Segment Start: INFORMATION SUPPLIED

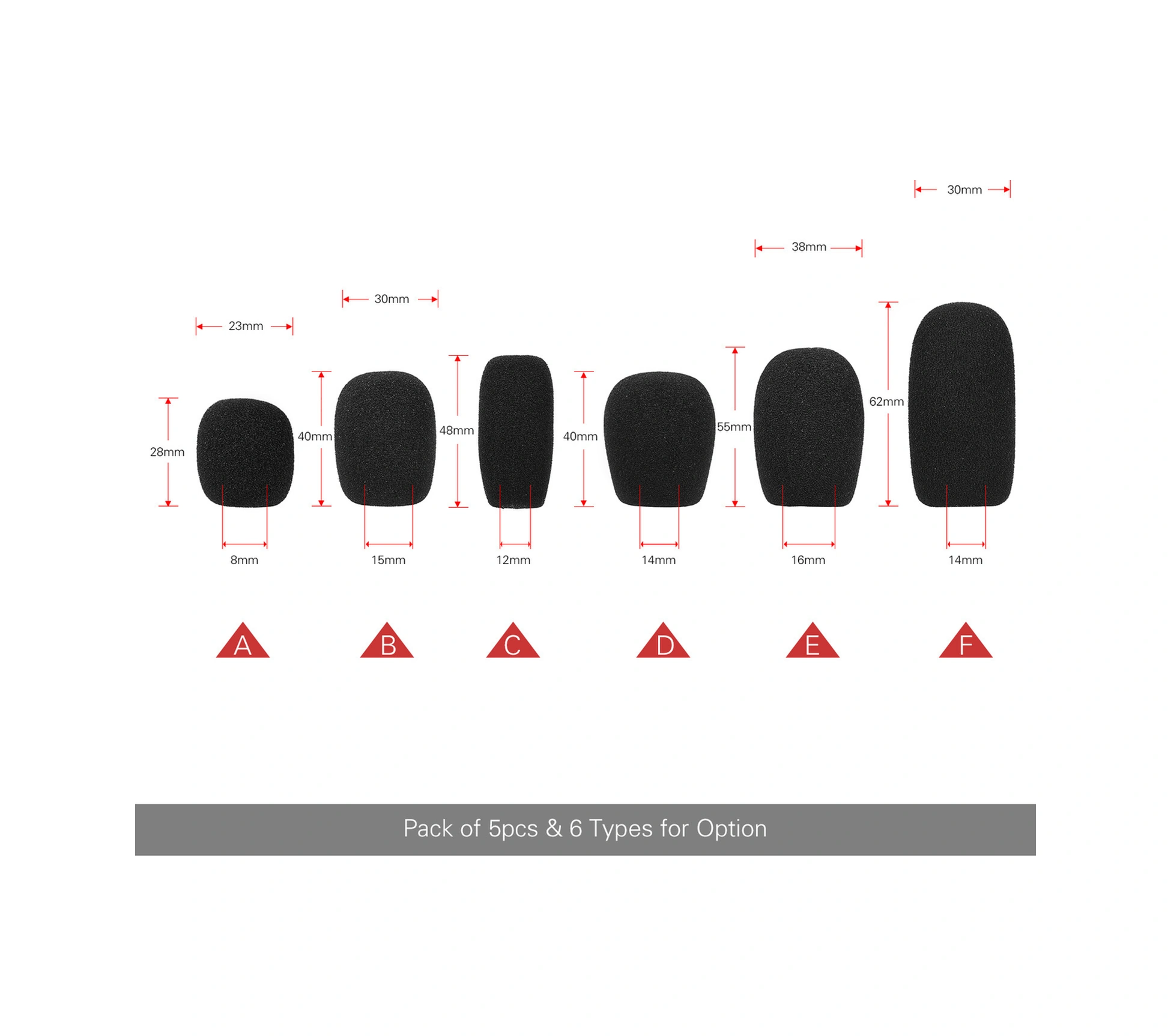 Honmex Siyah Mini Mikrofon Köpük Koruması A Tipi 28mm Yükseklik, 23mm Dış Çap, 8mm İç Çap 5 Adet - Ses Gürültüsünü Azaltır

Segment End: INFORMATION SUPPLIED
Segment Start: INFORMATION SUPPLIED

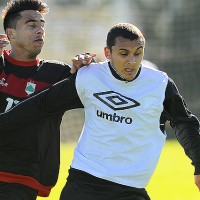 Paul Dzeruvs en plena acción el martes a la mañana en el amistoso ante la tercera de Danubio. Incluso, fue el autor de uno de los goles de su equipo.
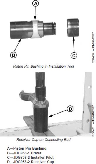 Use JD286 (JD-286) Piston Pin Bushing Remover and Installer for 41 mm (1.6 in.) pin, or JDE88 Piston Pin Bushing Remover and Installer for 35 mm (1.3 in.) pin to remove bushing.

Segment End: INFORMATION SUPPLIED
Segment Start: INFORMATION SUPPLIED

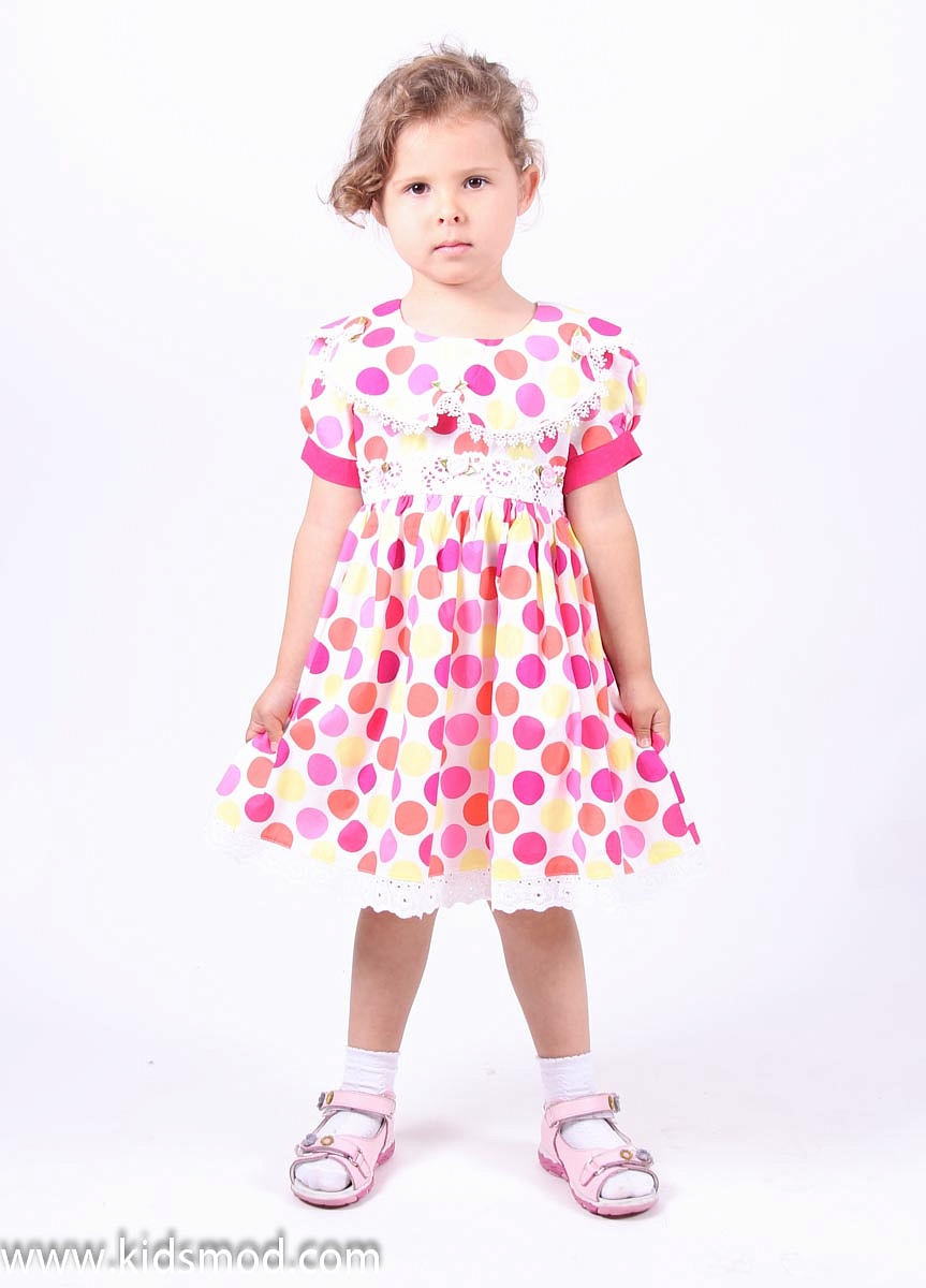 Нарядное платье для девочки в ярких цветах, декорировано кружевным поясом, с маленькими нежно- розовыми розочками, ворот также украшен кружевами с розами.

Segment End: INFORMATION SUPPLIED

▸ **EXERCISE BRIEF**:
Would you copy the lines above exactly, starting with the one that has "Paul Dzeruvs en" and ending with the one that has "Use JD286 (JD-286)", both included, without the pictures?

▸ **RESPONSE FOR THIS EXERCISE**:
 Paul Dzeruvs en plena acción el martes a la mañana en el amistoso ante la tercera de Danubio. Incluso, fue el autor de uno de los goles de su equipo.
 Use JD286 (JD-286) Piston Pin Bushing Remover and Installer for 41 mm (1.6 in.) pin, or JDE88 Piston Pin Bushing Remover and Installer for 35 mm (1.3 in.) pin to remove bushing.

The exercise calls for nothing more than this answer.